В кабинете гостиного двора среди порохового дыма приходили в себя от пережитого томские богатеи.
- Ну и прощелыги! Глаза отвели! - ругался Шумилов.
- Я бедный бухарский человек! Я целый год торговал. Я продавал халву, шербет, рахат-лукум. Сабза, узум. Зачем отбирали таньга? Зачем даже мой бухарский халат с меня снимали? Разве матушка Екатерин такой бедный? Я бывал в Петербургу. У Великой матушки большие-большие дома, а я живу в подвале. Каждый может ссать и плевать в мое окно, хотя и есть решетка.
- Заткнись, магометанин! - прервал его стенания Губинский. - Тебя и пальцем не тронули, а меня чуть жизни не лишили. Главное, магометанин, здоровье. Будет у тебя здоровье, и ты еще наживешь деньги. Да у тебя и так поди в подвале золота полно. Вот доберется до тебя матушка Екатерина, будешь знать!
- Господа, купцы! Нам следует написать коменданту бумагу и указать, что не намерены больше терпеть в городе разбои, пусть принимает строгие меры. Или будем губернатору писать! Это что же! В центре города! - возмущался осипший от пережитого кантор.
На улице трещали трещотки сторожей. Залаяли собаки, заметались факела дозорных жителей, которые не то город вышли охранять, не то кого-то грабить собрались. В таком диком месте ночью все кошки не то что серы, а черны как сажа. Говорят, прошлой ночью бродил эфиоп. А поскольку он телом черен, как печной горшок, то и разглядеть его невозможно. Но, как светать стало, разглядели проклятого. Поймали. Надели колодку на него и отвели в яму, туда, где до сих пор сидит зловредный колдун Горемир и всякие прочие лихие люди.
22. БУЙНЫЙ НАРОД
Санька Бухтарма ходил с фузеей по решетке тюремной ямы, изредка взглядывая вниз, на томившихся под решеткой в длинном и темном подвале узников. Арестанты спали вповалку на соломе. Днем ловили вшей да блох. Одежка на них была грязная, на некоторых стала загнивать уже. К тому же в подвале у них был большой деревянный ушат с ручками, в него справляли большую и малую нужду. Вот почему из ямы вверх несло тяжким звериным духом, смрадом, выворачивающим кишки наружу.

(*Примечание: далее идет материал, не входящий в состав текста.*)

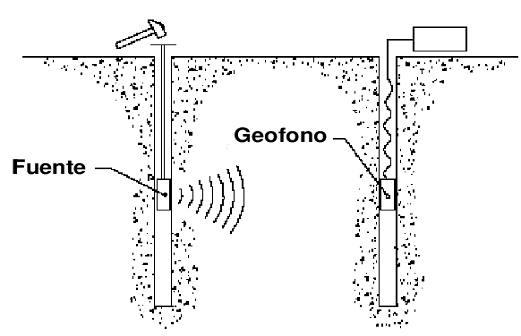 Este ensayo se realiza según la norma D4428 ASTM, con unas distancias entre el “sondeo emisor” y el “sondeo receptor” de 3 a 10 m (un sondeo o varios) y con la fuente de energía (emisor) y el geófono triaxial (receptor) a la misma cota.

Ничего интересного в Санькиной службе не было. Копошатся в яме этой мазурики. Иногда вдруг возникает драка. Тогда Санька вынимает из ножен саблю, грозит:
- Вот я вас!
Но Санька знает, да и арестанты знают, что часовой никогда не спустится по лесенке в подвал, чтобы отпереть железную дверь, ведущую в яму. Дверь отпирают раз в два дня, когда ушат переполнен и пенится, как свежий кумыс у татарина в бурдюке. Тогда десять стражников стоят возле двери с пиками и алебардами, чтобы никто из узников не подумал выскочить наружу. Еще несколько стражников сопровождают с заряженными фузеями и пистолями четверых арестантов, которые тащат за ручки ушат, как драгоценную ношу, к ближайшему рву.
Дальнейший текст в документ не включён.